To be clear, when discussing a potentially dystopic future for open source, it’s necessary to emphasize both modifiers – potential and future. The present, commercialization friction or no, is a veritable paradise compared to the landscape a decade ago let alone two.
But just as many in the United States have had a wakeup call about taking the stability of our civic institutions for granted, those with an interest in seeing open source remain a vital and robust model moving forward should remember that the price of freedom is high. It always has been.
Pieter Humphrey says:
May 11, 2018 at 4:00 pm
Hyperscale clouds are a clear and present danger to open source innovation. Why would anyone open source with permissive licenses when they hyperscale clouds can simply rob them blind? Especially when it’s the leading clouds that have the money and cache of employment.
I predict the rise in popularity of new OSS license types that prevent cloud scale monetization. Simply put, the rich should pay taxes.
Per Buer says:
May 12, 2018 at 4:36 am
Use the Affero GPL. It’s a pain in the ass to work with. But if you want to you can use it and you’re then certain the hyperscalers will be unable to use it.
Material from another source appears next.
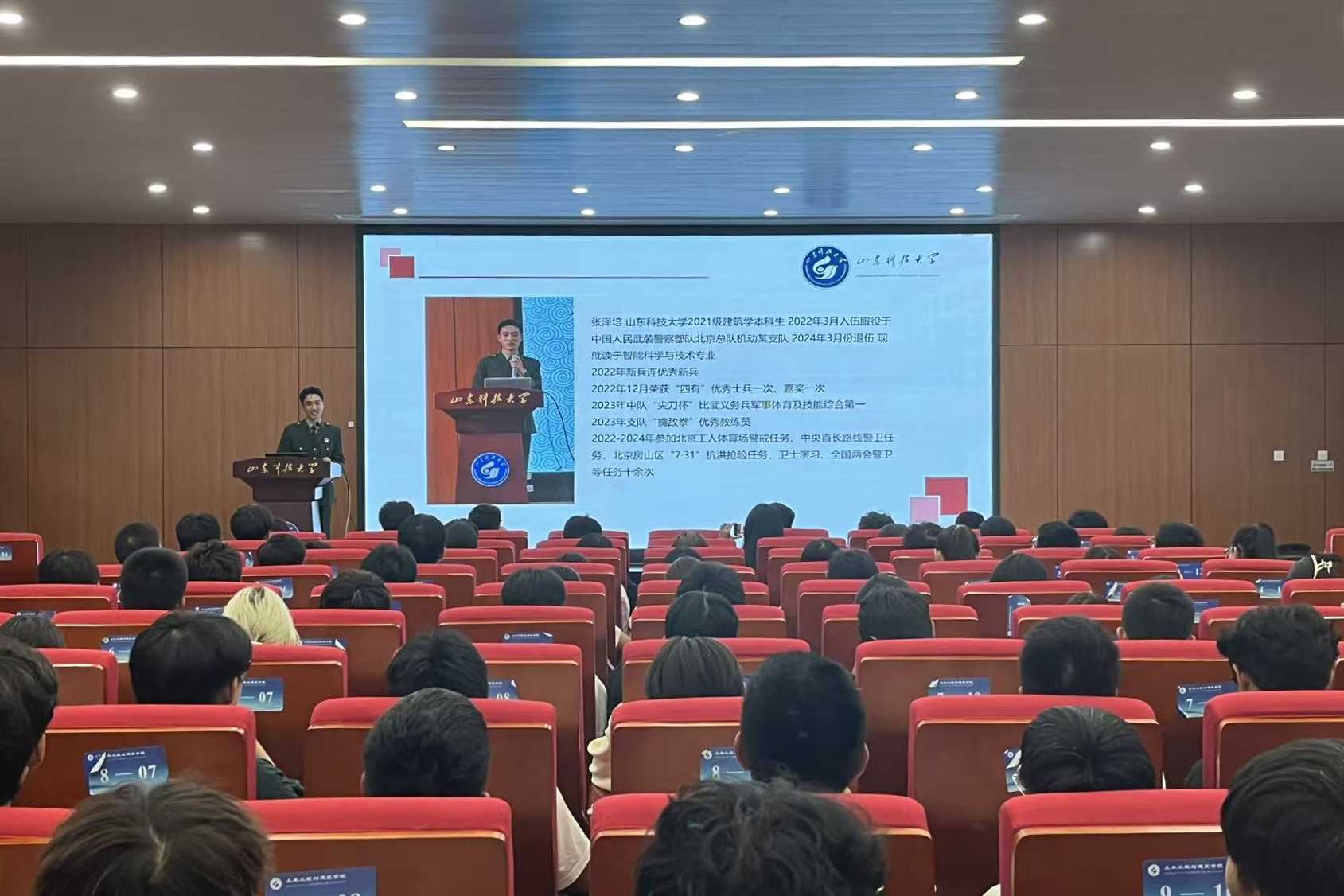 新时代青年的担当不仅体现在书桌前的奋笔疾书,更闪耀在祖国最需要的地方。此次分享会展现了军人坚韧不拔、忠诚奉献的精神力量,在土建学子心中种下国防种子,军人精神在校园生根发芽,助力更多学子在军旅与学业道路上双向奋进,书写青春华章。

I agree wholeheartedly, btw. Today, the only ones who are able to do any infrastructure innovation are the hyperscalers. If you are bringing to market a service which is already bundled in their offering you’re in the same situation as trying to offer people an alternative browser in the late 90s.
There are potential innovation that our company could bring to market but where we’re reluctant to do so as the only possible monetization lies with the hyperscalers.
Zack Urlocker says:
September 2, 2018 at 6:26 pm
If it’s a danger to open source, it’s one that has been self-inflicted. Developers have chosen permissive licenses which give everyone the permission to do anything they want. They can hardly blame cloud providers for taking them up on the offer. Those who don’t want that bargain would be advised to consider different licensing.